[Task item] Drop every picture, then repeat the records exactly.

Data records
%%
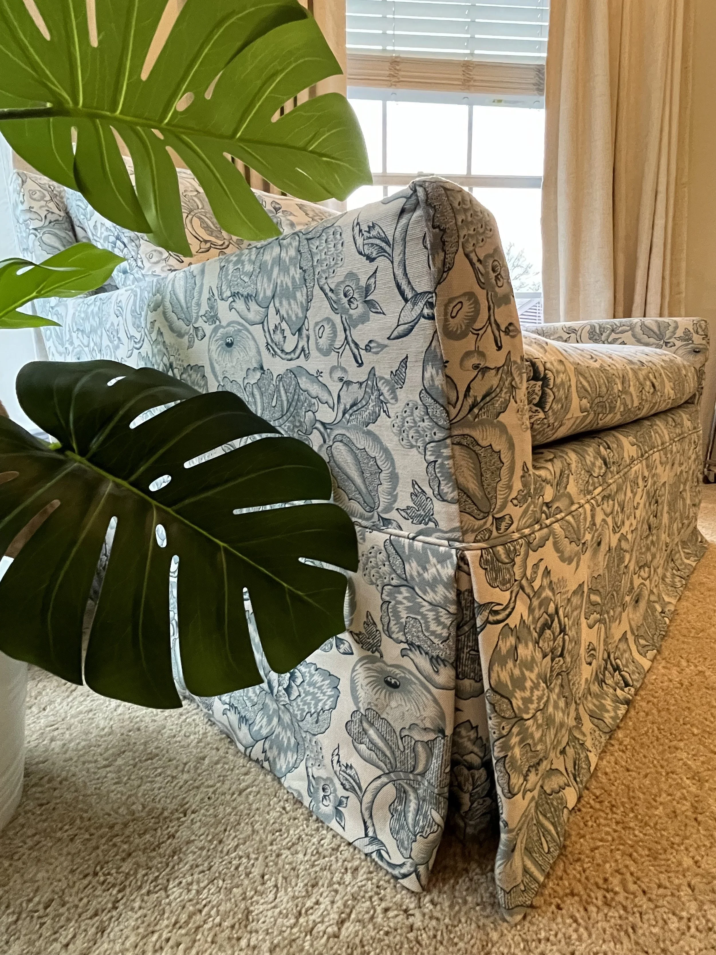 This type of slipcover requires about 8 yards of fabric and I knew I didn’t want to spend more than $200 on fabric in total so I started searching online for fabrics that fit the budget - roughly $25/yard.
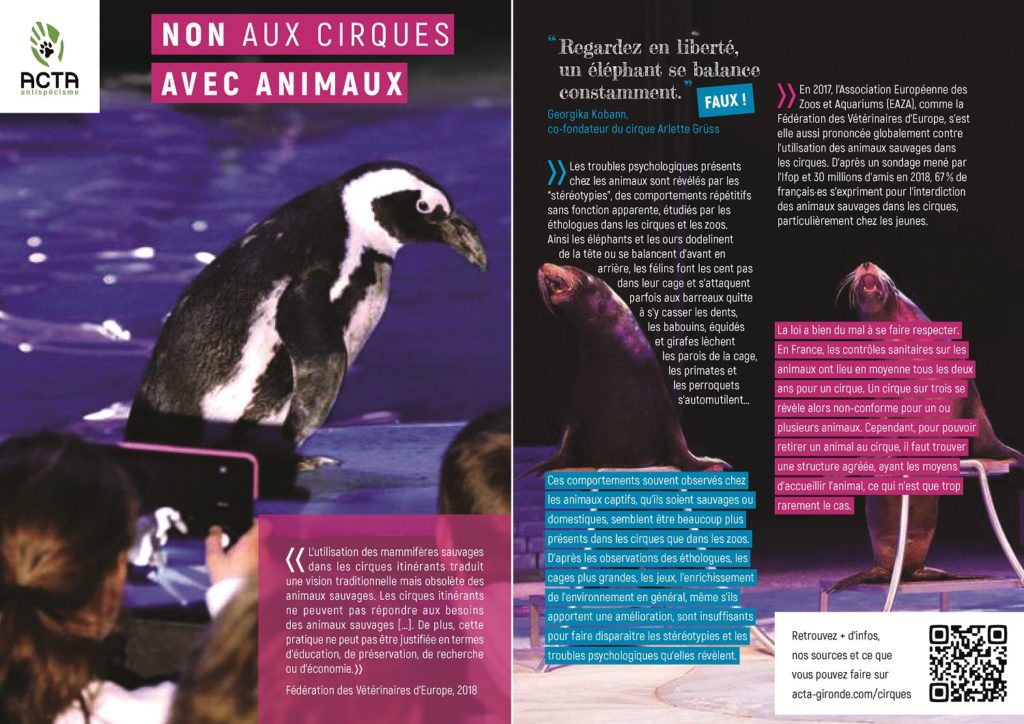 ACTA, dans la lignée abolitionniste, ne demande pas un meilleur traitement des animaux, de plus grandes cages contenant de quoi s’amuser un peu, mais une libération des animaux, une interdiction de leur captivité, pour toutes les raisons évoquées ici. Nous ne sommes pas « anti-cirques », comme Fredo Douchet l’a suggéré dans une discussion que l’on ne voit pas sur les vidéos et comme on entend parfois. Nous voulons des cirques sans exploitation des animaux, des cirques dans lesquels des acrobates, des jongleurs, des clowns et autres artistes consentants, nous fassent rêver.
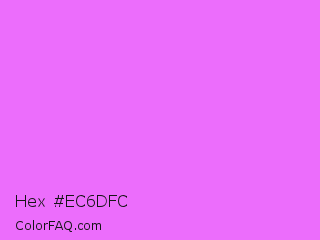 Hex #ec6dfc Color is a light magenta color and the nearest color is Heliotrope #df73ff. Hex code #ec6dfc and RGB value is rgb(236,109,252). In RGB color space, this color is composed of 93% red, 43% green, 99% blue, In CMYK color space, this color is composed of 6% cyan, 57% magenta, 0% yellow , 1% black , In HSL color space, this color has a hue angle of 293° , 96% saturation and 71% lightness.
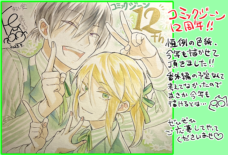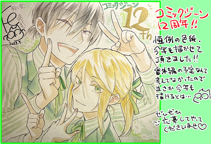 エ~ン ネームがおさまんなくて告知大遅刻中ですが今月号のジーン12周年お祝い色紙を殺し愛も描かせて頂きました!是非ぜひどなたかに貰って頂けますように…
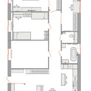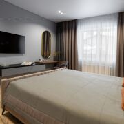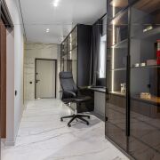В доме расположено 3 спальни, гардеробная, рабочий кабинет и функциональный санузел.
%%
[Exercise solution]
 This type of slipcover requires about 8 yards of fabric and I knew I didn’t want to spend more than $200 on fabric in total so I started searching online for fabrics that fit the budget - roughly $25/yard.
 ACTA, dans la lignée abolitionniste, ne demande pas un meilleur traitement des animaux, de plus grandes cages contenant de quoi s’amuser un peu, mais une libération des animaux, une interdiction de leur captivité, pour toutes les raisons évoquées ici. Nous ne sommes pas « anti-cirques », comme Fredo Douchet l’a suggéré dans une discussion que l’on ne voit pas sur les vidéos et comme on entend parfois. Nous voulons des cirques sans exploitation des animaux, des cirques dans lesquels des acrobates, des jongleurs, des clowns et autres artistes consentants, nous fassent rêver.
 Hex #ec6dfc Color is a light magenta color and the nearest color is Heliotrope #df73ff. Hex code #ec6dfc and RGB value is rgb(236,109,252). In RGB color space, this color is composed of 93% red, 43% green, 99% blue, In CMYK color space, this color is composed of 6% cyan, 57% magenta, 0% yellow , 1% black , In HSL color space, this color has a hue angle of 293° , 96% saturation and 71% lightness.
 エ~ン ネームがおさまんなくて告知大遅刻中ですが今月号のジーン12周年お祝い色紙を殺し愛も描かせて頂きました!是非ぜひどなたかに貰って頂けますように…
В доме расположено 3 спальни, гардеробная, рабочий кабинет и функциональный санузел.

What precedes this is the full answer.